NOTE 1 - SUMMARY OF SIGNIFICANT ACCOUNTING POLICIES – (CONTINUED)Dividends and Distributions to Shareholders - (Continued) [collectively “Distributable earnings (losses)”] may differ for financial statement and tax purposes primarily due to permanent and temporary differences which may include foreign currency transactions, wash sales, partnership income, corporate actions, passive foreign investment company shares, and equalization. The character of dividends and distributions made during the fiscal year from net investment income and net realized securities gains may differ from their ultimate characterization for federal income tax purposes. Also, due to the timing of dividends and distributions, the fiscal year in which amounts are distributed may differ from the fiscal year in which income or realized gain was recorded by the Fund. The Fund adjusts certain components of capital to reflect permanent differences between financial statement amounts and net income and realized gains/losses determined in accordance with income tax rules.
Indemnification - Under the Fund's organizational documents, its officers and directors are indemnified against certain liabilities arising out of the performance of their duties to the Fund. In addition, some of the Fund's contracts with its service providers contain general indemnification clauses.

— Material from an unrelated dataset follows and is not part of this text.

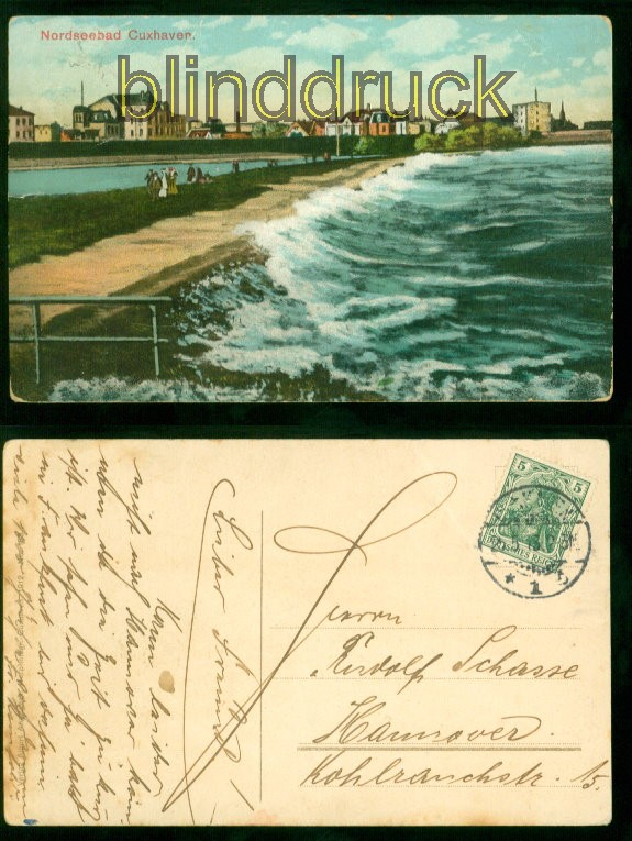 Niedersachsen Cuxhaven Nordseebad farb-AK Teilansicht 1913 nach Hannover Karte gelaufen aus Cuxhaven 25.5.1913 nach Hannover Erhaltung siehe Scan

The Fund's maximum exposure under these arrangements is unknown since the amount of any future claims that may be made against the Fund cannot be determined and the Fund has no historical basis for predicting the likelihood of any such claims.
Use of Estimates in Financial Statements - In preparing financial statements in conformity with accounting principles generally accepted in the United States of America, management makes estimates and assumptions that affect the reported amounts of assets and liabilities and disclosure of contingent assets and liabilities at the date of the financial statements, as well as the reported amounts of income and expenses during the reporting period. Actual results may differ from these estimates.
Directors Fees and Expenses - The Fund set up a Rabbi Trust to provide for the deferred compensation plan for Independent Directors that enables them to elect to defer receipt of all or a portion of annual fees they are entitled to receive. The value of an eligible Director's account is based upon years of service and fees paid to each Director during the years of service. The amount paid to the Director by the Trust under the plan will be determined based upon the performance of the Davis Funds in which the amounts are invested.
NOTE 2 - PURCHASES AND SALES OF SECURITIES
The cost of purchases and proceeds from sales of investment securities (excluding short-term investments) during the six months ended January 31, 2024 were $278,208,177 and $802,274,407, respectively.
NOTE 3 - FEES AND OTHER TRANSACTIONS WITH SERVICE PROVIDERS (INCLUDING AFFILIATES)
Davis Selected Advisers-NY, Inc. (“DSA-NY”), a wholly-owned subsidiary of the Adviser, acts as sub-adviser to the Fund. DSA-NY performs research and portfolio management services for the Fund under a Sub-Advisory Agreement with the Adviser. The Fund pays no fees directly to DSA-NY.
All officers of the Fund (including Interested Directors) hold positions as executive officers with the Adviser or its affiliates.
Investment Advisory Fees and Reimbursement/Waivers of Expenses - Advisory fees are paid monthly to the Adviser. The annual rate is 0.55% of the average net assets on the first $3 billion, 0.54% on the next $1 billion, 0.53% on the next $1 billion, 0.52% on the next $1 billion, 0.51% on the next $1 billion, 0.50% on the next $3 billion, 0.485% on the next $8 billion, 0.47% on the next $7 billion, 0.455% on the next $8 billion, 0.44% on the next $7 billion, 0.425% on the next $8 billion, 0.41% on the next $7 billion, and 0.395% of the average net assets in excess of $55 billion. Advisory fees paid during the six months ended January 31, 2024 approximated 0.54% of the average net assets. The Adviser is contractually committed to waive fees and/or reimburse the Fund’s expenses to the extent necessary to cap total annual fund operating expenses (Class A shares, 1.00%; Class B shares, 1.75%; Class C shares, 1.75%; Class R shares, 1.25%; and Class Y shares, 0.75%). The Adviser is obligated to continue the expense cap through December 1, 2024. The expense cap cannot be modified prior to this date without the consent of the Board of Directors. After that date, there is no assurance that the Adviser will continue to cap expenses. The Adviser may not recoup any of the operating expenses it has reimbursed to the Fund. During the six months ended January 31, 2024, such reimbursements for Class B shares amounted to $10,326.